GOAL OF THE EXERCISE: Go through the lines below and copy each one that holds the string "square".

(Stored items)
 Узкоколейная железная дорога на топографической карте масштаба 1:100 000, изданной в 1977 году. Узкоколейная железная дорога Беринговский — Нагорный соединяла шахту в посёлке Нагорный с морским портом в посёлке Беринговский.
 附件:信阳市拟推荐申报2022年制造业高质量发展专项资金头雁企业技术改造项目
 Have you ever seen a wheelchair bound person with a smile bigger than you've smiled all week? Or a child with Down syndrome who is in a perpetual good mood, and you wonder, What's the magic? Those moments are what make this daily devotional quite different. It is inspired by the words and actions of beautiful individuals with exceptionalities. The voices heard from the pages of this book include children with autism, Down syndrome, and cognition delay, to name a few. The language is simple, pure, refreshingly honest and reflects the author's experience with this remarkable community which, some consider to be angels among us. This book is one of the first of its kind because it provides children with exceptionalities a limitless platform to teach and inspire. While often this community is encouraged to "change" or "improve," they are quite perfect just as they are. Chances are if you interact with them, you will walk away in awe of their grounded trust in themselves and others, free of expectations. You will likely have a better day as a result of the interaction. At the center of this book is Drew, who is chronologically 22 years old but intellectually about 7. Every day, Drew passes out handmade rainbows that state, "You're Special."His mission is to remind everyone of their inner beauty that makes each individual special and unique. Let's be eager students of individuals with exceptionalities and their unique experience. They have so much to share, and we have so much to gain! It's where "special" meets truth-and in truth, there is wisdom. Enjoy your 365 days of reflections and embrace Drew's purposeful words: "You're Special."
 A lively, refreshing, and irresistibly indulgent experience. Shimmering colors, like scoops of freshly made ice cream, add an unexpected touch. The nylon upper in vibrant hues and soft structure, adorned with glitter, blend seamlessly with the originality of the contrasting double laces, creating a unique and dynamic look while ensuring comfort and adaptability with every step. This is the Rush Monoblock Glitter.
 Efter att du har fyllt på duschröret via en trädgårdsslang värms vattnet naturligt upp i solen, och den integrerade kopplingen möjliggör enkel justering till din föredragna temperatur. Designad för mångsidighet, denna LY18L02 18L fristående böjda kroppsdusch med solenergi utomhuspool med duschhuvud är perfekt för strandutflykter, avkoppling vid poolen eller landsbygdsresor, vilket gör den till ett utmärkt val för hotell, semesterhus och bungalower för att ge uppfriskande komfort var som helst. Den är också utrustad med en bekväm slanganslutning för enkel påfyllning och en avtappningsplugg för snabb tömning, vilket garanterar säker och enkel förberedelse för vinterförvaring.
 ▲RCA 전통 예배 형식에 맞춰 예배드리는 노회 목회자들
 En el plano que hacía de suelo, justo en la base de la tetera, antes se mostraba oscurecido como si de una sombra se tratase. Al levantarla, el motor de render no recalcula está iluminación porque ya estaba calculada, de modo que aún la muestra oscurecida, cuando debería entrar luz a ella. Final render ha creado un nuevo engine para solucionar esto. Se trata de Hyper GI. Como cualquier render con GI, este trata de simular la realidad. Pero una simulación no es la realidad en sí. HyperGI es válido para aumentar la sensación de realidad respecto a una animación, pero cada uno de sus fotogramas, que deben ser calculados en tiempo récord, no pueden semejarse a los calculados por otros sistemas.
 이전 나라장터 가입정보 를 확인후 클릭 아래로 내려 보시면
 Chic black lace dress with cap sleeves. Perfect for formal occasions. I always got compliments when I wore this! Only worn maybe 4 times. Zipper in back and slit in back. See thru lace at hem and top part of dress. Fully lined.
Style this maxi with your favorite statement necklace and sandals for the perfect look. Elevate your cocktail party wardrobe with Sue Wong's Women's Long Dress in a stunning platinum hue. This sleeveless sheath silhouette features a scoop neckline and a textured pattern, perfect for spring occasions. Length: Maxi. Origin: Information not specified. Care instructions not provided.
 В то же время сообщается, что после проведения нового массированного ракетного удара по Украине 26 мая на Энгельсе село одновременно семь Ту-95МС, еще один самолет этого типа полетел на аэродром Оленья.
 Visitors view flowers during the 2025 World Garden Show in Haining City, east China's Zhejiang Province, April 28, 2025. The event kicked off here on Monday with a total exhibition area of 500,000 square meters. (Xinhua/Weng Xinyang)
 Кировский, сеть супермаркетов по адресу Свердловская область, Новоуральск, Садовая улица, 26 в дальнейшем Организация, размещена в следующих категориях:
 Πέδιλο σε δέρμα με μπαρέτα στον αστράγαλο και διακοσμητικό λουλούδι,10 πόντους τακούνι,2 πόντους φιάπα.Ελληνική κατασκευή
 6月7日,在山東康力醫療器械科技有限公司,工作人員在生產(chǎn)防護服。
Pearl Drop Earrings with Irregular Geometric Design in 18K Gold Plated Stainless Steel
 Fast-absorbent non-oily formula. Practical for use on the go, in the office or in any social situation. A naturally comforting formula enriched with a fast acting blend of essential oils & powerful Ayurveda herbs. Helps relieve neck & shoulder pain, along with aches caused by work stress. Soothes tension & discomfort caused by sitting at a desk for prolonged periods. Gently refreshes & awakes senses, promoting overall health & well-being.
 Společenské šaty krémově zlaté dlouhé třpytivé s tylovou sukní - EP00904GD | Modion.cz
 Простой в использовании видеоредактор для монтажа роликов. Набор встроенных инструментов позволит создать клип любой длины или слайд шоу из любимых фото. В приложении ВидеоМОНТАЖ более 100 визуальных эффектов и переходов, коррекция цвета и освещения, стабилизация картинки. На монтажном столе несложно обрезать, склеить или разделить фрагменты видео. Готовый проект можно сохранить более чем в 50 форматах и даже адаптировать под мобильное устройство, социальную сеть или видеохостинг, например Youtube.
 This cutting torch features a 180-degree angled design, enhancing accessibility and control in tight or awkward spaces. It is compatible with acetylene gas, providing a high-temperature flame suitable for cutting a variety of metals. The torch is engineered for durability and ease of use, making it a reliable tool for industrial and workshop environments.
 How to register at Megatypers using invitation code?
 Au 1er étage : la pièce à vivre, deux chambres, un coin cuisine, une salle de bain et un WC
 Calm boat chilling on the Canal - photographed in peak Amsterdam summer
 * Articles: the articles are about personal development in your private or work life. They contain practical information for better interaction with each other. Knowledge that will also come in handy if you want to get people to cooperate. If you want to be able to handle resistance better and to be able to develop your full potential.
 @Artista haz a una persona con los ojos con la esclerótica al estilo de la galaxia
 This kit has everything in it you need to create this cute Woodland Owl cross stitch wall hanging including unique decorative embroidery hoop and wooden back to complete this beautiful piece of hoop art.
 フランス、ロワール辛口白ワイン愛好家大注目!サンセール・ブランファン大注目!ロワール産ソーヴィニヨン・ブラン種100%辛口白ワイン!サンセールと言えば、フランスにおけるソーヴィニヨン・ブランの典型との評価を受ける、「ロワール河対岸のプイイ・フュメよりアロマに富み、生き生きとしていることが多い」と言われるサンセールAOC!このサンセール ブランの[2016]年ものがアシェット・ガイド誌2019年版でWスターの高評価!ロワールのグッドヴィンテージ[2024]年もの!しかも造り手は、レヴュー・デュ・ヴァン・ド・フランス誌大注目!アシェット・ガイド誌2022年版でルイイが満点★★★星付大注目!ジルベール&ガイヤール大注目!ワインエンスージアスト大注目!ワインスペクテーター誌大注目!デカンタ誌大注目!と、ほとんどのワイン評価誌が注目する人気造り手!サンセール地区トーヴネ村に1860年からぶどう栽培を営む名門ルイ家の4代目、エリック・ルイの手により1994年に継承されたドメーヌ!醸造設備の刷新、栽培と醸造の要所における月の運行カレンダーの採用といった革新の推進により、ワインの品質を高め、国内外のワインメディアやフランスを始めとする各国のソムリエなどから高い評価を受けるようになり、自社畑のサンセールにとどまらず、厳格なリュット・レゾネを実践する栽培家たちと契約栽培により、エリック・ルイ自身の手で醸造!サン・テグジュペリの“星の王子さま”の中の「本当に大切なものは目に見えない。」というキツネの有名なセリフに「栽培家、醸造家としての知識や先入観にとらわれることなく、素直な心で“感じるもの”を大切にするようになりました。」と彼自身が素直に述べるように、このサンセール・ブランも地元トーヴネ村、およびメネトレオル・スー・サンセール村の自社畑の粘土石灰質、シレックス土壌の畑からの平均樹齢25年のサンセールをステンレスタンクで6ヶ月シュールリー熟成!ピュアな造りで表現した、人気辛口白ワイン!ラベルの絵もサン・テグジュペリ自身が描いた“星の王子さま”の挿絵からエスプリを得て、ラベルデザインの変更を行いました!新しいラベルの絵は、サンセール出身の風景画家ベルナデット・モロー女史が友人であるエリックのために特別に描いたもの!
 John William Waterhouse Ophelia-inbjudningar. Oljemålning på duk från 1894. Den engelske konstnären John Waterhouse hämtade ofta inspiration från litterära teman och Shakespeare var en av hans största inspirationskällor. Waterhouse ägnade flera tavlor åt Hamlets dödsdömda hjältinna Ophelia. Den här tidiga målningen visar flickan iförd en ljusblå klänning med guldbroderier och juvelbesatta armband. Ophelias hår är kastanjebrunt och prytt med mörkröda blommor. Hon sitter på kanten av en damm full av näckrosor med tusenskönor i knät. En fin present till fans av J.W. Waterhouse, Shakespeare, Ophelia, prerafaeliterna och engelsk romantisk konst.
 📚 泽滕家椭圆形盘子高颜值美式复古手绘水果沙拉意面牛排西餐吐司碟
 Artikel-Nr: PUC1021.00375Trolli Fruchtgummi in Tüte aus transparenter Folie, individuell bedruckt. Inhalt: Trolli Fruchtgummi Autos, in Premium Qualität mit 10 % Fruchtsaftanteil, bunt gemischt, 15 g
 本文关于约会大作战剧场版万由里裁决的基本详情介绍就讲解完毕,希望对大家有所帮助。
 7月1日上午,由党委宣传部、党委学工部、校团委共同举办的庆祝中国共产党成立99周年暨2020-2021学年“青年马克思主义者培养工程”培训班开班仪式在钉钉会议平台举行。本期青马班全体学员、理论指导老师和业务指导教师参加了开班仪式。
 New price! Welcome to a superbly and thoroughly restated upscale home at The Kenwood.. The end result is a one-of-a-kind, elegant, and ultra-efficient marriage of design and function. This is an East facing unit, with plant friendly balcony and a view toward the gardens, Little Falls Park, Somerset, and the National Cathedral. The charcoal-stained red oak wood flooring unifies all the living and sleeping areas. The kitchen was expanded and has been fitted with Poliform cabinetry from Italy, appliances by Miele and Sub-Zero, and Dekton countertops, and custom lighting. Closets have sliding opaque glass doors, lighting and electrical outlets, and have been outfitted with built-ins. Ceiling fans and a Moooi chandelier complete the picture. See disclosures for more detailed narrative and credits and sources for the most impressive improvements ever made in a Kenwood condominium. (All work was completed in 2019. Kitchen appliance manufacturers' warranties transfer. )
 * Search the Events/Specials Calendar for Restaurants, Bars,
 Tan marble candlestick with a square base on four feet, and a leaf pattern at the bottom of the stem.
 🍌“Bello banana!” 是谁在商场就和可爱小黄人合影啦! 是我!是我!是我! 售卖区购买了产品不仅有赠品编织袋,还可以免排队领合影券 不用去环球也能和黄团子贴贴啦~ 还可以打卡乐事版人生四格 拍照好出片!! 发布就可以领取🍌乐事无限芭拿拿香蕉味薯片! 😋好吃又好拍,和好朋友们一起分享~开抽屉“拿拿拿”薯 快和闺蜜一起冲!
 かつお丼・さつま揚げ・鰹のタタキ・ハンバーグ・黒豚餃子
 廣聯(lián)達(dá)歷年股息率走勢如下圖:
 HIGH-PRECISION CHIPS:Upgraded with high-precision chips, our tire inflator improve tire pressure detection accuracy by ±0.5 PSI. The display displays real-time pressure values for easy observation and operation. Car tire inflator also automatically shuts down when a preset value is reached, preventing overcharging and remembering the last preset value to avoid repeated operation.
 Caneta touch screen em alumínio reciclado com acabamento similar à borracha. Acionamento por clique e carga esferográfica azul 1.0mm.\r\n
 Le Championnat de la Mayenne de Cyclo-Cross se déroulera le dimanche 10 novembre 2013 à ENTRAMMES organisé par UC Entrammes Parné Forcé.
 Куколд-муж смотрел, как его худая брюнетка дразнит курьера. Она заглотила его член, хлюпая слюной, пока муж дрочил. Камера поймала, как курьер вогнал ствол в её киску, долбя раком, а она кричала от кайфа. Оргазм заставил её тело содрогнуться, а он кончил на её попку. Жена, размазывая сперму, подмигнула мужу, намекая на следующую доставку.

EXERCISE OUTPUT:
 Visitors view flowers during the 2025 World Garden Show in Haining City, east China's Zhejiang Province, April 28, 2025. The event kicked off here on Monday with a total exhibition area of 500,000 square meters. (Xinhua/Weng Xinyang)
 Tan marble candlestick with a square base on four feet, and a leaf pattern at the bottom of the stem.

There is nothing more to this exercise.